Over the past few years neural network encoders have become increasingly multi-modal. Despite being inherent universal function approximators, a great challenge in applying them to various forms of data is finding ways of representing this data in a manner that’s conducive for the network to ingest. Some examples of such methods of going from a raw data point to an encoding or embedding are:

  • word embeddings (originally word2vec, now the standard approach for any token-based NN)
  • convolutions over raw pixel data (any image ingesting NN, essentially)
  • dilated convolutions over raw waveform data (WaveNet)

However, one category that hasn’t seen as much publicity (and success, to some degree) is knowledge bases and/or ontologies. The difference between a knowledge base and an ontology is somewhat subtle and an area of discussion. For the purposes of this post I won’t get into the weeds in this distinction. For now, I will abuse terminology and treat them as more or less the same thing.

Knowledge bases are extremely familiar to anyone who worked with early approached to AI based of symbolic systems. They come in many forms but very often they are encoded into graphs. Graphs, in turn, are defined by a set of vertices and a set of associated edges (which may be directed, or undirected). A common approach to defining a knowledge base/ontology is to encode the inherent structure into these vertices and edges by assigning a node to a semantic category or idea, and assigning relations between such ideas as edges between the nodes.

An extremely simple example is the ontology for human families - in this case nodes represent the unique invididuals in the family and the relations would be their familial relations (“son of”, “grandfather to”, “first cousin of”, and so forth). Often the nodes in a knowledge graph are referred to as “entities” and the edges are referred to as “relations”. For more information on ontologies and knowledge graphs, see this blog post. There is no clear, intuitive way to feed such an ontology graph into a neural network (although, while trying, you could relish in the fact that you are trying to feed a graph into a graph…).

On first thought, something like an adjacency matrix might come to mind as a way to do this. After all, adjacency matrices are an important structure used for more advanced analysis of graphs, including in spectral graph theory. This is indeed a subject of much study in the field of Graph Convolution Networks (GCNs)! In short, GCNs create embeddings by passing the adjacency matrix for a graph through a series of dense layers in a network, finally outputting an $NxM$ matrix, giving a size $M$ embedding to $N$ nodes in the graph. However, to define the adjacency matrix you need to have knowledge of the entire graph and all its edges, and if the graph changes (nodes are added, for instance), you have to recreate this adjacency matrix. Additionally, adjacency matrices do not lend themselves to unknown or undefined relations (or relations which might be inferred from other relations), which are common in many knowledge bases and ontologies.
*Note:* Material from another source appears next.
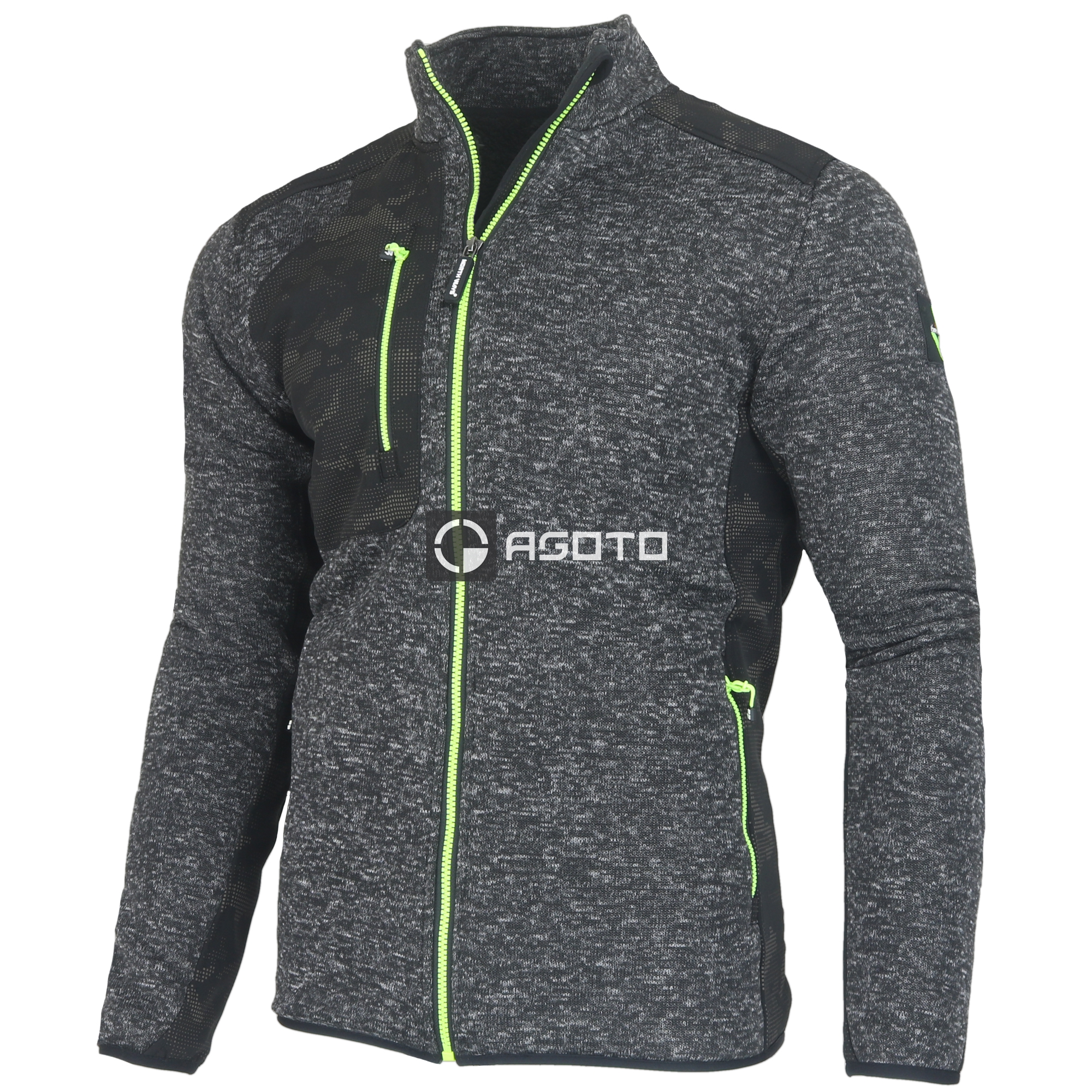 Nowoczesna męska kurtka z dzianiny z elementami odblaskowymi dla lepszej widoczności.Wzmocnione ramiona, boki i kieszenie. Wysoki kołnierz, osłona podbródka, elastyczne ukośne zakończenia. 5 kieszeni: 3 kieszenie zapinane na zamek, 2 kieszenie wewnętrzne. Dzianina 100% poliester, 300g/m2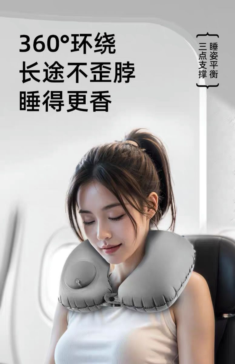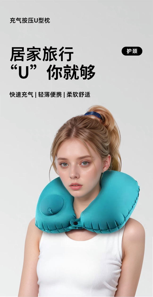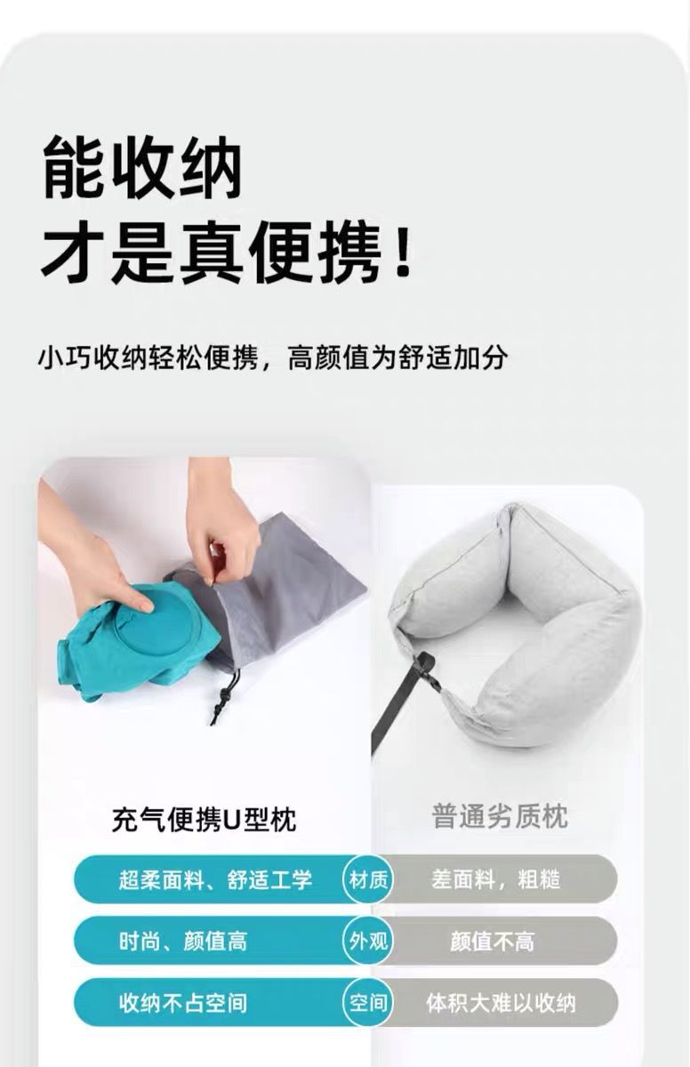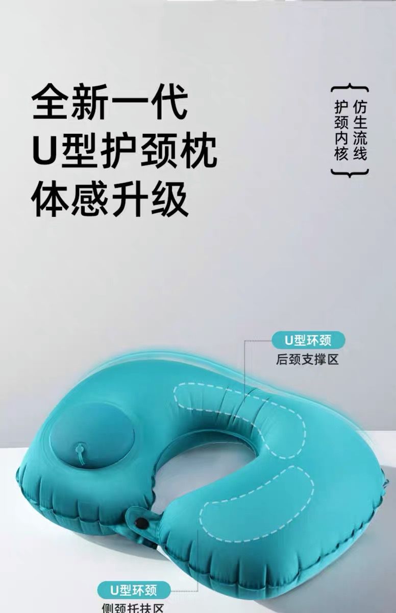 U 자형 베개 팽창식 압력 팽창식 U 자형 베개 휴대용 접이식 자동차 항공기 여행 보호 자궁 경부 척추 목 보호 베개

A different approach is Knowledge Graph Embeddings (KGEs). One of the seminal papers in the field introduced the concept of neural tensor networks (NTNs). NTNs present a way to generate an embedding for each node in a graph based off of its relation to other nodes in the graph, but without using the adjacency matrix. Most papers treating knowledge graphs seem to have been inspired by this approach, so it is worth summarizing the key points.

NTNs, and later approaches to KGEs tend to treat a knowledge graph as a set of triplets of the following form:

\[<e_i, r_k, e_j>\]

Where $e_i$ and $e_j$ are entities in the graph, and $r_k$ is some relation. Often, the entities themselves are represented by some embedding, i.e. $e_i \in R^v$ where $v$ is the size of the embedding, and $r_k$ is a “matrix-embedding” - $r_k \in R^{q \times z}$.
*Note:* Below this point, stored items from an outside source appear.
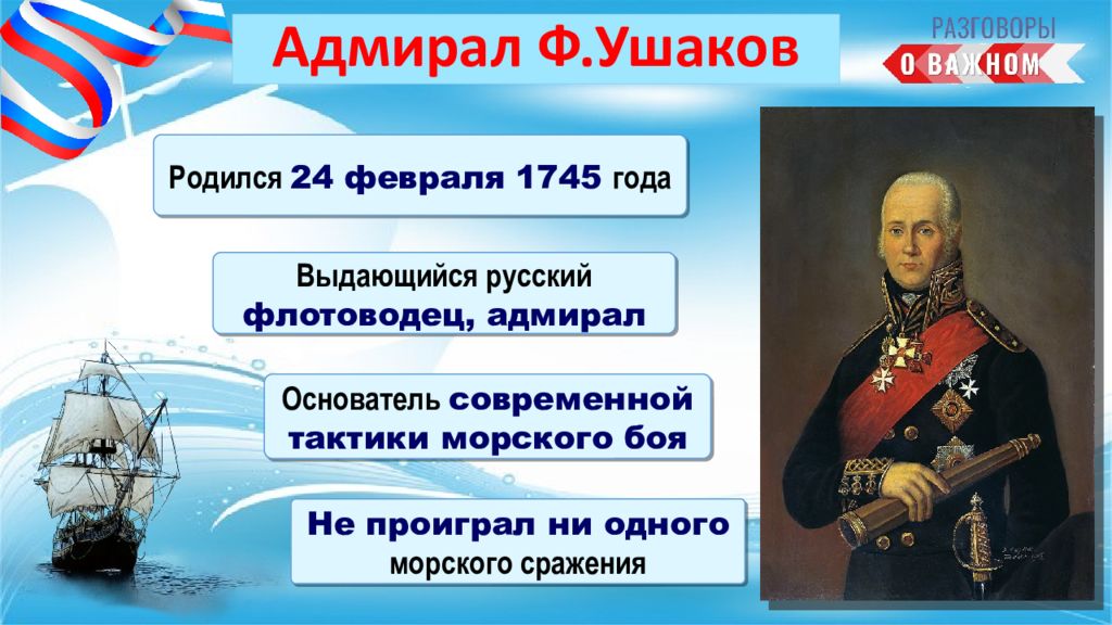 Родился 24 февраля 1745 года Основатель современной тактики морского боя Выдающийся русский флотоводец, адмирал Не проиграл ни одного морского сражения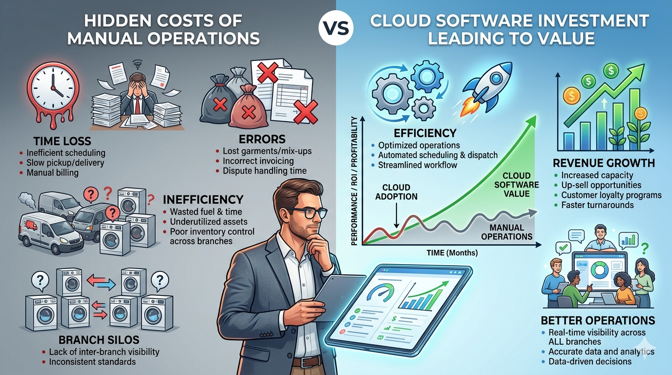Running multiple laundry branches without cloud software is possible. People do it. They just spend enormous time and energy on coordination that should be automatic. The question isn't whether you need this technology—it's whether you want to grow efficiently or stay stuck in operational chaos.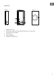 ES Subwoofer Parte delantera 1 2 3 4 5 Parte trasera Izquierda POWER (on/off) Indicador de conexión inalámbrica (rojo permanente: conectado, parpadeando: no conectado) Conexión CA Botón de conexión Altavoz del subwoofer 65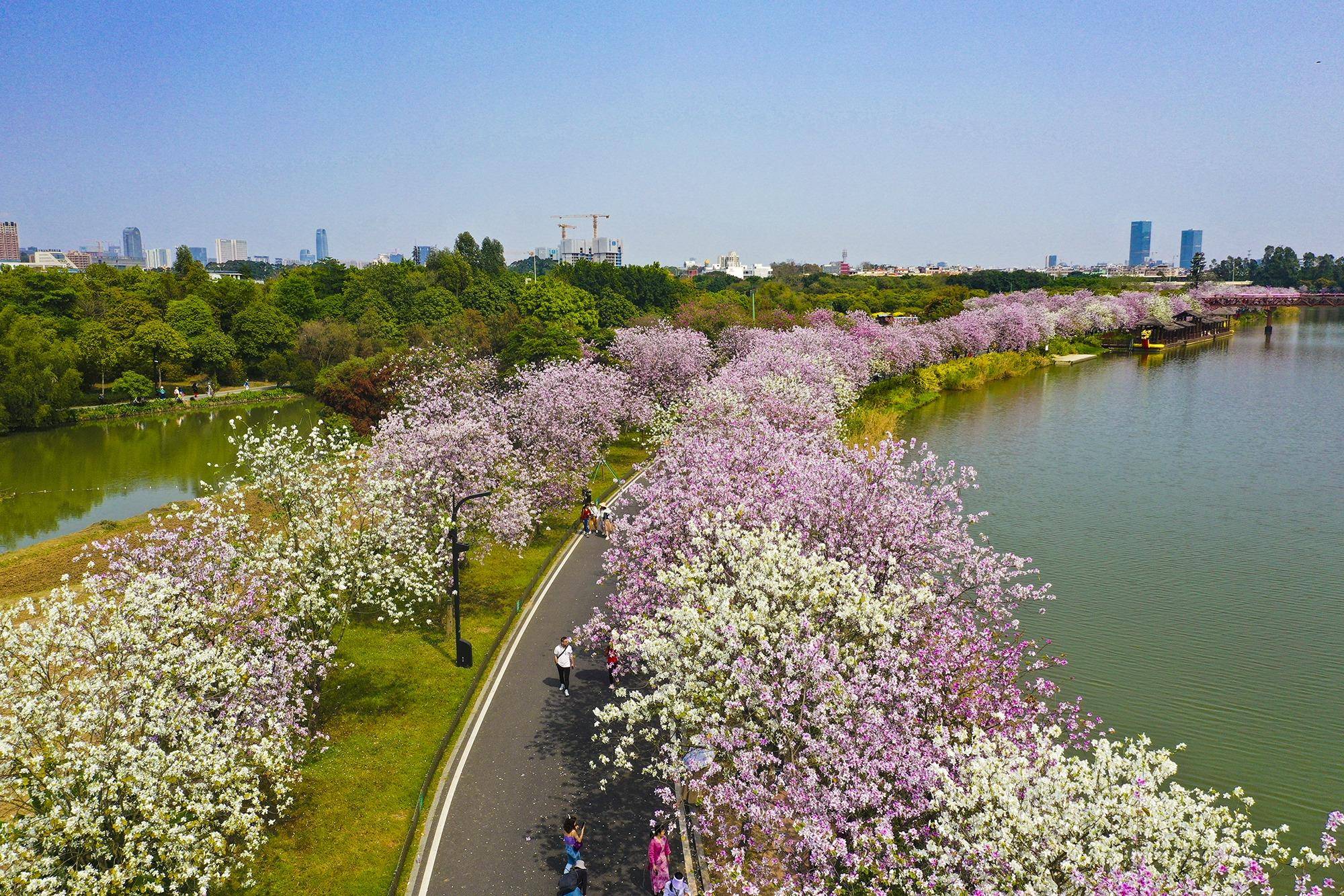 广东的春天真是花都,尤其是古城佛山,船票才50毛钱。可以乘船赏花。“花城”。春天,武汉的紫荆花开得像樱花一样鲜艳,于是我就去海珠湿地国家公园拍紫荆花。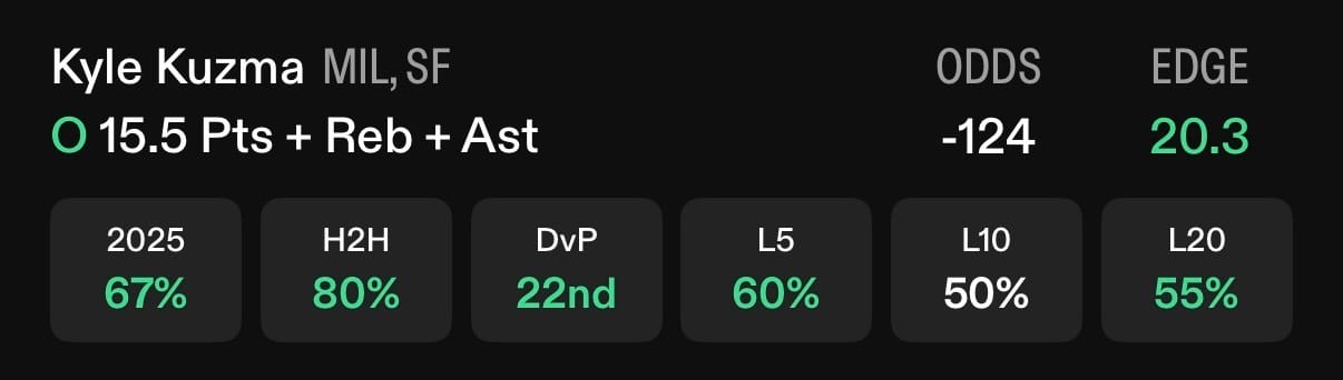 NBA Edge Trend #3: Kyle Kuzma, 15.5 PRA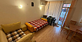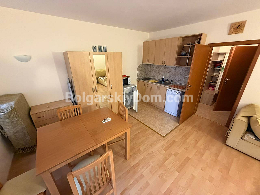 Комплекс, у якому розташована квартира, знаходиться в одному з найпопулярніших районів курорту Сонячний Берег і має закриту, доглянуту територію та власний басейн для відпочинку. Ключова перевага локації — пішохідна доступність до всієї необхідної інфраструктури та моря: лише 50 метрів до пляжної лінії та не більше десяти хвилин спокійної ходи до золотого піску. У безпосередній близькості розташований відомий супермаркет «Младост», який пропонує широкий вибір продуктів за демократичними цінами — це особливо цінно для постійного проживання. Низька такса обслуговування, що становить лише 270 € на рік, є одним із найвагоміших аргументів на користь цієї пропозиції, роблячи її ідеальним варіантом не лише для відпочинку, а й для цілорічного проживання з мінімальними витратами.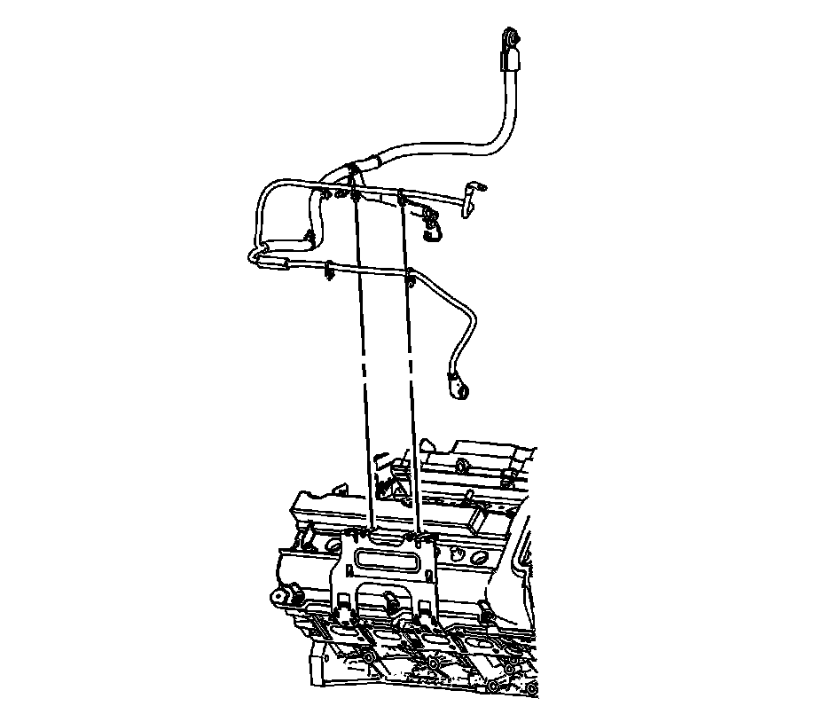 2. Install the positive battery cable behind the rear engine wiring harness bracket.

It then defines a function on these triplets which outputs a score in $[0,1]$ or sometimes $[-1,1]$:

\[f(e_i, r_k, e_j) \mapsto [-1, 1]\]

Which represents the “score” for the existence of relation $r$ between $e_i$ and $e_j$. In other words training is performed by stochastic sampling of such triplets from the graph, and performing back-propagation over the embeddings for the entities and for the relation. This encourages the embeddings to capture inherent information about the structure of the network simply by entities co-occuring with a certain relation during this stochastic sampling during training of the network.

At this point, we have trained embeddings for all the entities, and the network can be used for a task called “knowledge graph completion”. This is the most common application of KGEs currently, and it involves inferring relations between existing entities in the graph that are not already defined as relations. Re-using our previous example - if A is the “son of” B, and B is the “son of” C, we’d want our network to infer a relationship of the type “grandfather to” between C and A, if this edge already does not exist.

However, having an embedding of the entities in a KG is inherently useful a number of other tasks. An interesting paper by Pezeshkpour et al. applies KGEs to other multi-modal forms of data external to the knowledge graph. They take pictures, descriptions and other multi-modal data and apply the same technique to “map this” into the knowledge graph. For these non-graph entities, they apply various encoders (convolutions over images, LSTMs over textual descriptions, etc.) to produce an embedding for that entitiy which they then feed into a scoring function as above. Such an approach allows maintaining an internal knowledge graph representation of your ontology and having a robust way to embed external data onto this knowledge graph.